▶ _Activity_
The answer must be an exact copy of the entries below, with no images in it.

▶ _Extracted material_
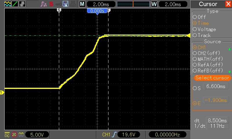 When measuring the startup of the NP90 on an oscilloscope we can see that the startup takes about 8.5ms which certainly is very fast. But more importantly is that the output voltage of the power adapter goes from 5V up to 19.6V and stays there indefinitely, until disconnected of course.
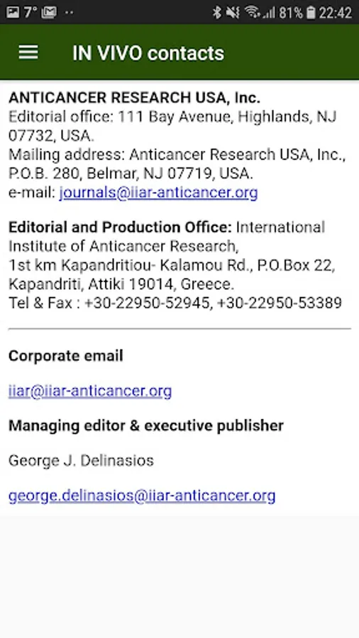 IN VIVO supports (a) the aims and research projects of the INTERNATIONAL INSTITUTE OF ANTICANCER RESEARCH and (b) the organization of the INTERNATIONAL CONFERENCES OF ANTICANCER RESEARCH.
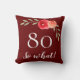 Citation drôle Aquarelle Rouge Rose 80e Anniversaire Oreiller. Coussin moderne et élégant floral 80ème anniversaire avec de beaux roses aquarelle et brindilles sur un arrière - plan rouge foncé. La citation drôle et positive 80 Donc ce qui est génial pour une personne qui célèbre 80 ans et a un sens de l'humour. Grands cadeaux de 80ème anniversaire.
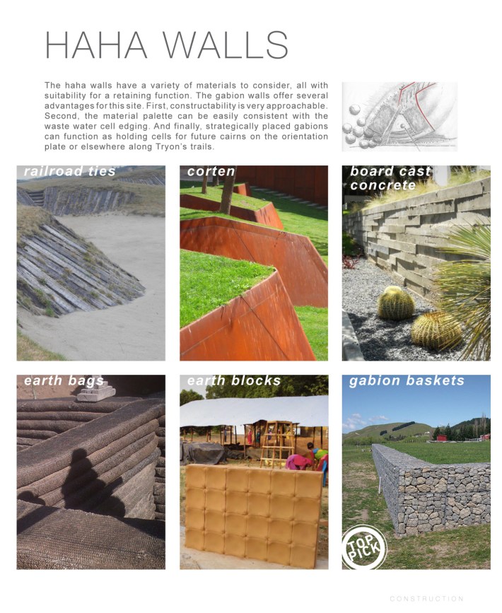 “A ha-ha (or ha-ha wall) is a recessed landscape design element that creates a vertical barrier while preserving views. The design includes a turfed incline which slopes downward to a sharply vertical face, typically a masonry retaining wall. Ha-has are used in landscape design to prevent access to a garden, for example by grazing livestock, without obstructing views. In security design, the element is used to deter vehicular access to a site while minimizing visual obstruction. The name “ha-ha” derives from the unexpected (i.e., amusing) moment of discovery when, on approach, the recessed wall suddenly becomes visible.”
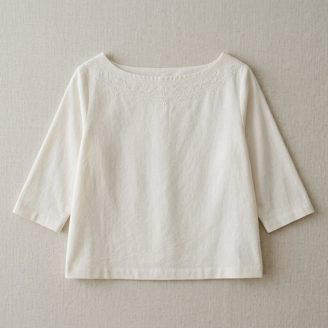 - Contrast Piping: Minimalist thin piping in contrast colors along the boat neck ridge for everyday cotton blouses.
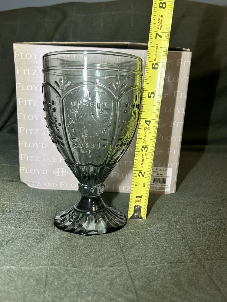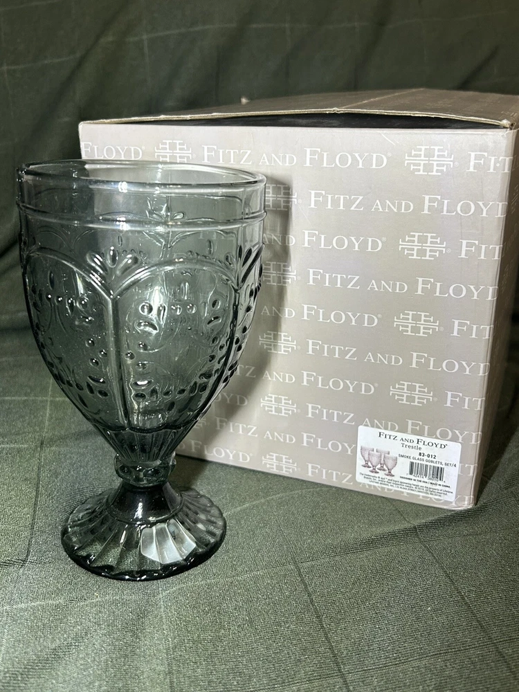 Fitz and Floyd Trestle Glassware Ornate Goblets, 4 Count Smoke Grey
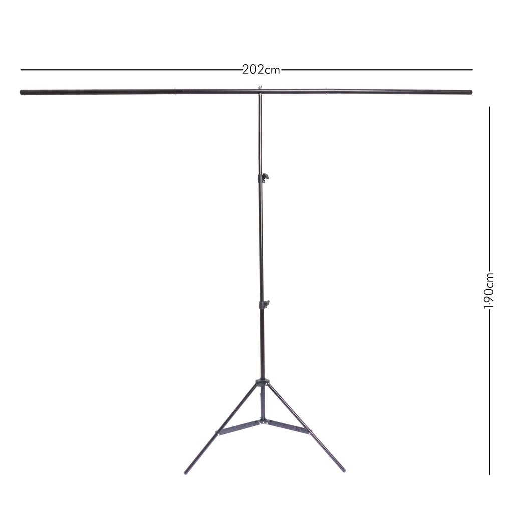 The T-bar backdrop stand features a 202cm aluminium crossbar, made up of three interlocking segments.
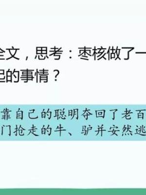 2.是什么牵走了牛、驴,大伙愁得很。枣核说:“大家都不用愁,我有办法!” 有的人不相信,说:“我才不信咧,你别小人说大话啦!”枣核也不争辩,只是说:“不信,你们就等着看。”
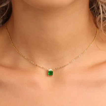 שרשרת כסף ציפוי זהב תליון ריבוע ירוק

▶ _Response to this task_
 When measuring the startup of the NP90 on an oscilloscope we can see that the startup takes about 8.5ms which certainly is very fast. But more importantly is that the output voltage of the power adapter goes from 5V up to 19.6V and stays there indefinitely, until disconnected of course.
 IN VIVO supports (a) the aims and research projects of the INTERNATIONAL INSTITUTE OF ANTICANCER RESEARCH and (b) the organization of the INTERNATIONAL CONFERENCES OF ANTICANCER RESEARCH.
 Citation drôle Aquarelle Rouge Rose 80e Anniversaire Oreiller. Coussin moderne et élégant floral 80ème anniversaire avec de beaux roses aquarelle et brindilles sur un arrière - plan rouge foncé. La citation drôle et positive 80 Donc ce qui est génial pour une personne qui célèbre 80 ans et a un sens de l'humour. Grands cadeaux de 80ème anniversaire.
 “A ha-ha (or ha-ha wall) is a recessed landscape design element that creates a vertical barrier while preserving views. The design includes a turfed incline which slopes downward to a sharply vertical face, typically a masonry retaining wall. Ha-has are used in landscape design to prevent access to a garden, for example by grazing livestock, without obstructing views. In security design, the element is used to deter vehicular access to a site while minimizing visual obstruction. The name “ha-ha” derives from the unexpected (i.e., amusing) moment of discovery when, on approach, the recessed wall suddenly becomes visible.”
 - Contrast Piping: Minimalist thin piping in contrast colors along the boat neck ridge for everyday cotton blouses.
 Fitz and Floyd Trestle Glassware Ornate Goblets, 4 Count Smoke Grey
 The T-bar backdrop stand features a 202cm aluminium crossbar, made up of three interlocking segments.
 2.是什么牵走了牛、驴,大伙愁得很。枣核说:“大家都不用愁,我有办法!” 有的人不相信,说:“我才不信咧,你别小人说大话啦!”枣核也不争辩,只是说:“不信,你们就等着看。”
 שרשרת כסף ציפוי זהב תליון ריבוע ירוק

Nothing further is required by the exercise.